Halloween in the UK this year has seen a higher degree of debate about the history and transmission of the festival than I can recall from previous years. In particular there's been an attempt to trace its transatlantic migrations more accurately than the knee-jerk 'it's an American festival' of some of the tabloids.
I'm also struck by the extent to which some older local formulations seem to be reappearing in discussions of the chaos around Halloween. In a report on home repairs after Halloween pranks, Santander General Insurance refer to the damage done during 'mischief week'. (They reckon nearly a quarter of British households have experienced damage, which may be why my local council is enforcing a ban on selling flour and eggs to under-18s for the duration).
But, of course, the real meaning of Halloween is the Contemporary Legend ... I'm delighted to see a return of the 'doctored Halloween treat' story, with this report that LA County Police are warning parents of an increasing number of marijuana-laced treats. (This is a difficult legend, because of the hideous ostension attached to it historically).

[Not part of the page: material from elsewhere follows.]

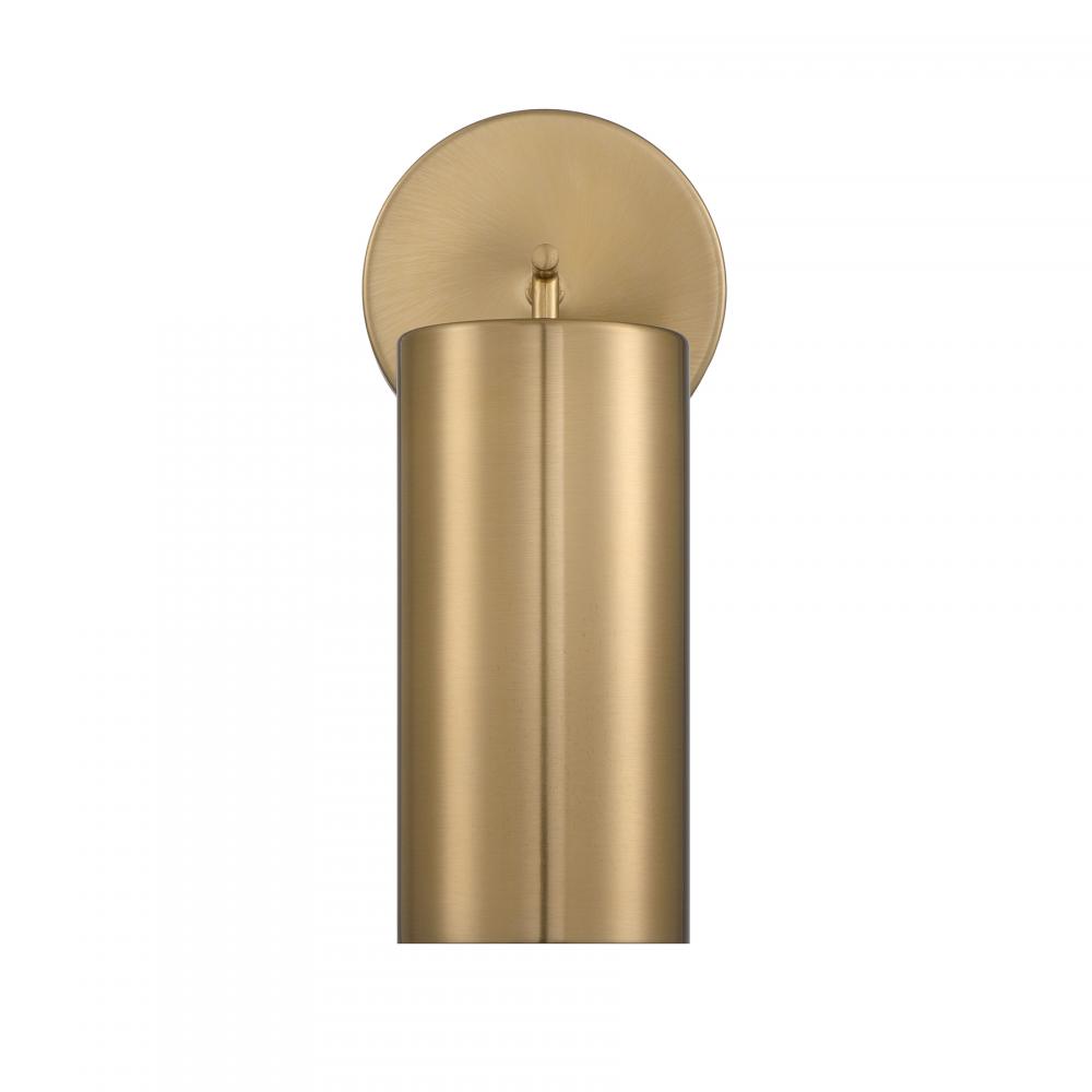 The Savoy House Lio 1-light sconce is part of Moderne by Breegan Jane, bringing her signature approachable modern luxury style to your home. Breegan loves the timeless, elevating beauty of brass, as seen in this sleek and chic design. A bold solid metal cylinder finished in champagne-toned Noble Brass holds a light that creates a concentrated and dramatic lighting look. Lio is 12" in height, 5" in width and extends 5.5" from the wall. Uses one standard size bulb of up to 60 watts. The bulb is not included. Damp area rated.

In the story linked to here, I particularly like the vagueness about the products themselves. LA County Director Public Health Jonathan Fielding has apparently said they are a risk 'because of the lack of information regarding their manufacture', while the story recommends detecting them 'by smell'.
The real pointer to the legendary character of this report, though, comes in this succinct statement: 'Although the Sheriff's Department has never received a report of laced Halloween treats being distributed, it is nevertheless warning parents about this new potential threat.' You have been warned.